Guide Glenn Ging  along with other Matagorda captains caught and released big trout in the surf and in the bays last week. (Bink Grimes photo)

Calming August makes all waters a player


August is here, and traditionally with it comes lots of calm days, perfect weather to get on all the trout roaming the surf. Topwaters like pink and bone She Dogs and red/white Top Dogs were crushed in the first gut at first light, then were hammered later in the day as the tide fell and fish staged along the edge of the second sandbar and gut.

Large shrimp and scores of pogies and mullet were right on beach and the big trout shadowed the rafts of bait. If you saw a shrimp bound to the surface a precise cast netted a surf-runner every time. There is no reason the same results won’t resume on the next calm, green tide.

Tides are low so we have been working winter, low-tide spots this week. In East Matagorda Bay the cuts and guts along the north shoreline have held good trout all week. The bay has been off-colored from southwest winds but the water in the ICW has remained green. When you get a green incoming tide from the ditch those trout ride it to the bay. We have been intercepting them with plastics like Lil’ Johns and Bass Assassin Sea Shad in red shad, chicken on a chain and glow/chartreuse colors. Those fish stage in the cooler 15-20 feet of water in the ICW and flood the flats right behind all the shad and shrimp rushing in the bay with the tide.

In Freeport, the jetty has been the best bet for a bite on live shrimp.
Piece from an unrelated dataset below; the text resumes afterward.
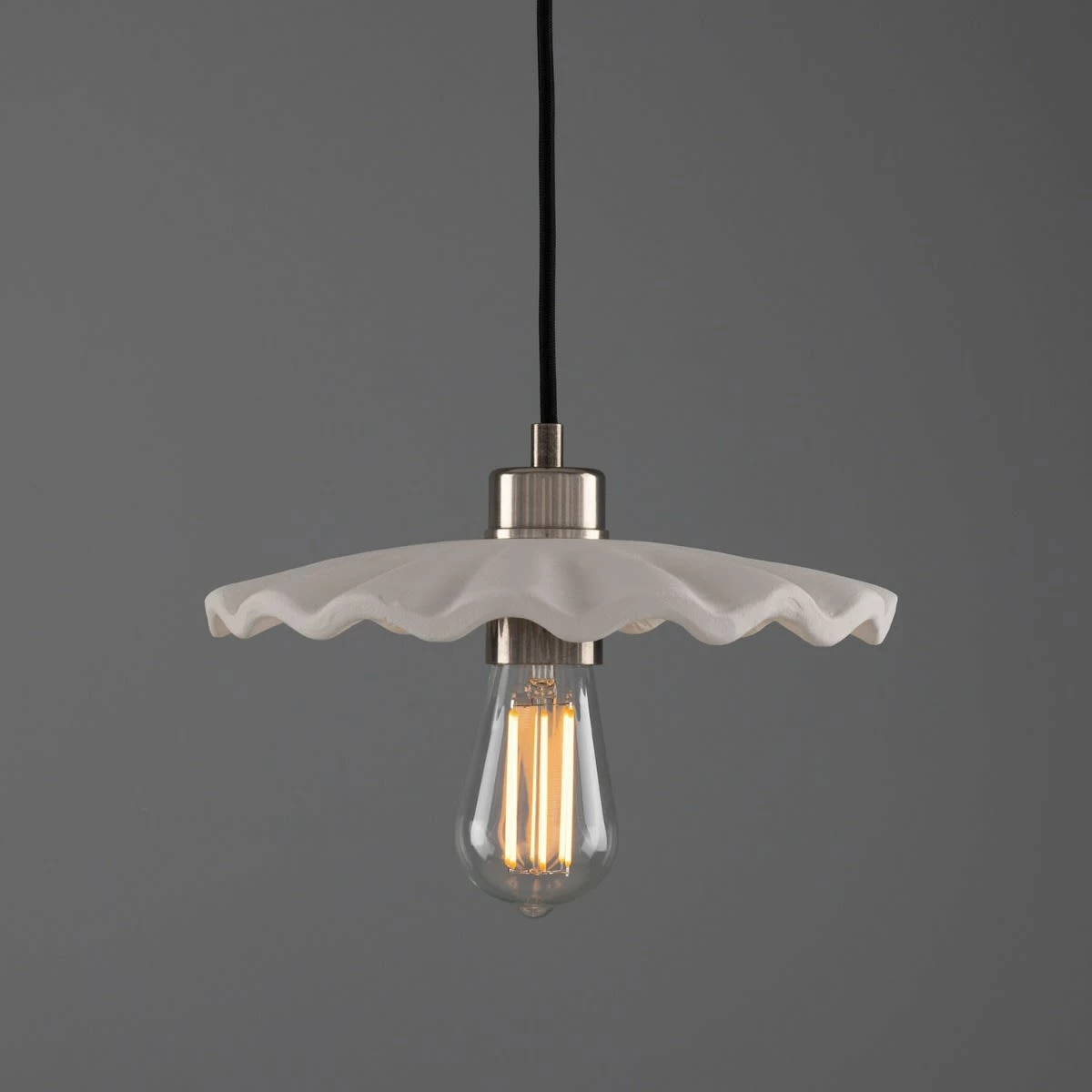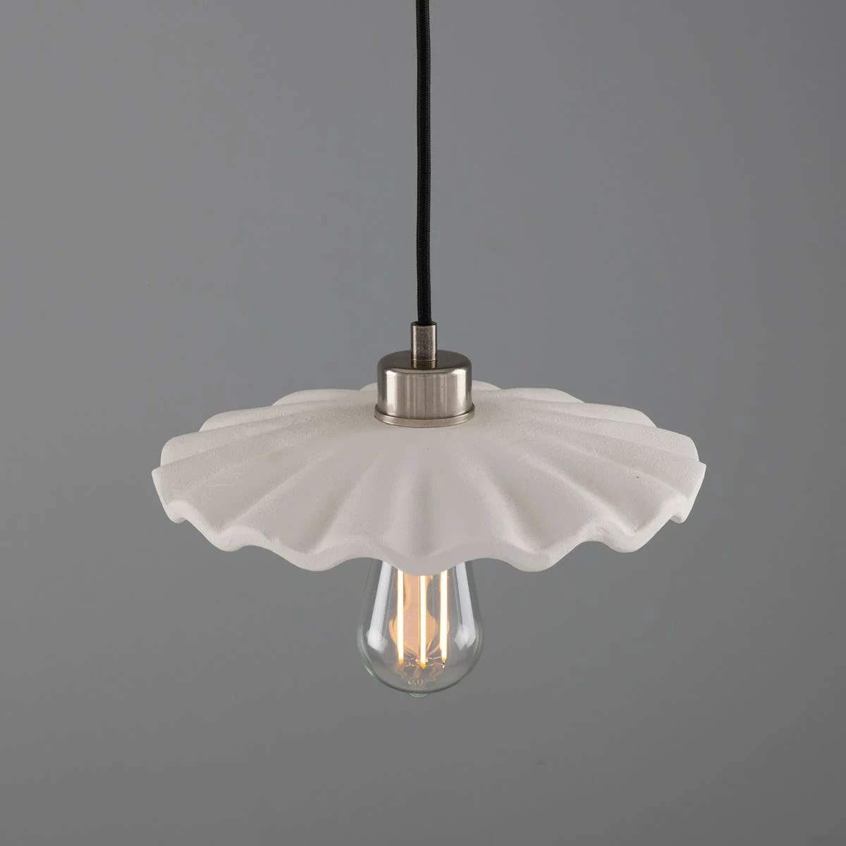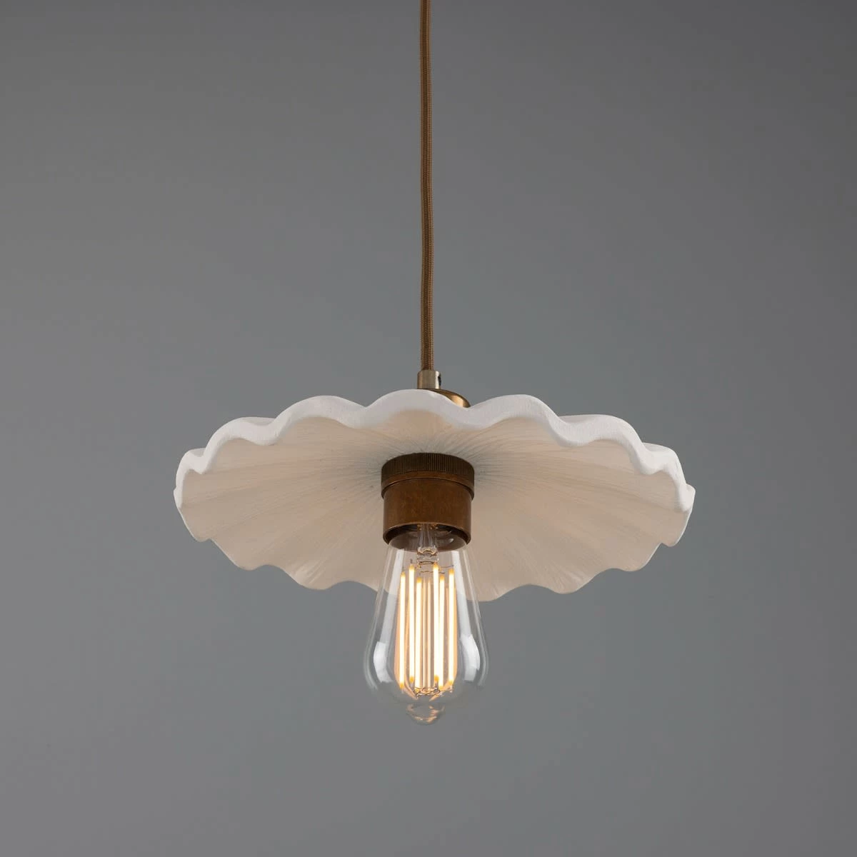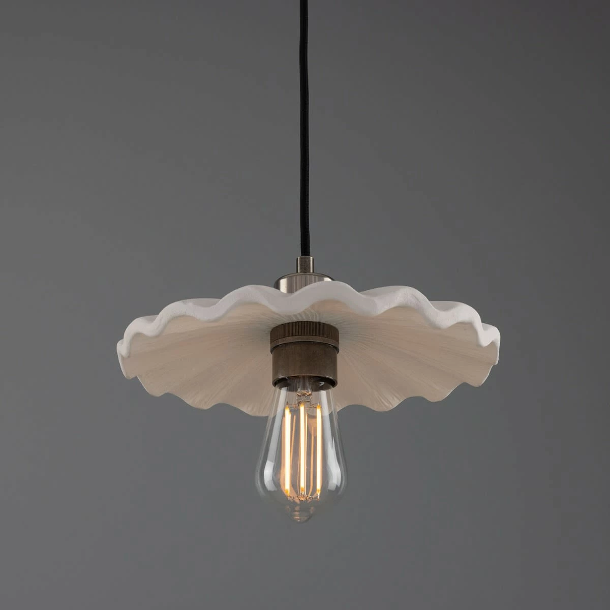 Influenced by the Kapok tree found in tropical locations, the Kapok ceramic pendant subtly resembles its namesake with its wavy, umbrella shade.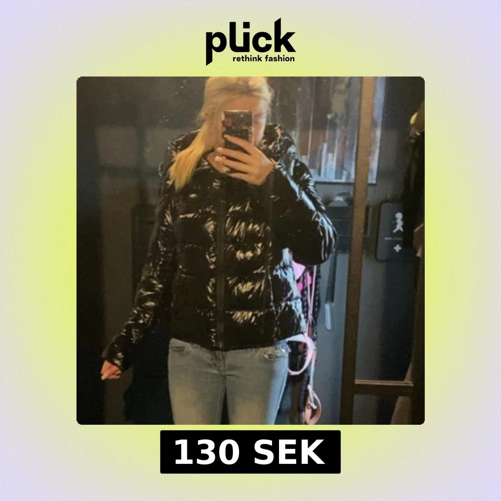 Säljer en svart, glansig pufferjacka med huva och dragkedja framtill. Jackan är quiltad och har en lite oversized look, perfekt för kalla dagar. Den har långa ärmar och en cool, modern vibe som passar till jeans eller andra outfits.

Many of the bays around the area are two feet below normal so the mouths of bayous leading to San Luis Pass have held lots of trout on live shrimp and soft plastics. Basically, with low tides, work all your favorite winter haunts.

In Port Aransas, the surf has been flat and green to the beach. Topwaters have been good in the first gut. Live-baiters have tossed croakers and finger mullet.

With tides the lowest of the summer the redfish are in the same spots they frequent in winter.

Good catches have come from Mitchell’s Cut in Sargent while tossing pogies. Anglers are catching pogies with a cast net and fishing them whole or cutting them up on a Carolina-rigged Kahle hook. 

The same is playing out at the Matagorda jetty. The incoming tide has been best and there are lots of slot-sized reds along with bull reds roaming the rocks. Large table shrimp will get it done as well but I would rather use a pogie and keep the table shrimp for the fryer or grill.

The north shoreline of East Matagorda Bay is holding reds as well. There are reefs separating the ICW and the bay and most boats are Power-poling down along the edge of the drop between the deep water of the channel and the reef and waiting for the reds to show.

Schools of reds are circling the middle of the bay because there is not enough water on the shorelines. The same areas we drift for trout are holding redfish on live shrimp or Gulps under a Mid-Coast popping cork. The problem has been off-colored water. Many anglers have pinched the shrimp to exude more scent and that has help reds find the bait in dirty water. It’s all about making long casts, long drifts and really popping the cork to get attention in stained water.

This week along with most of August traditionally calls for light winds, which makes the Gulf, beach and bays all players for consistent catches.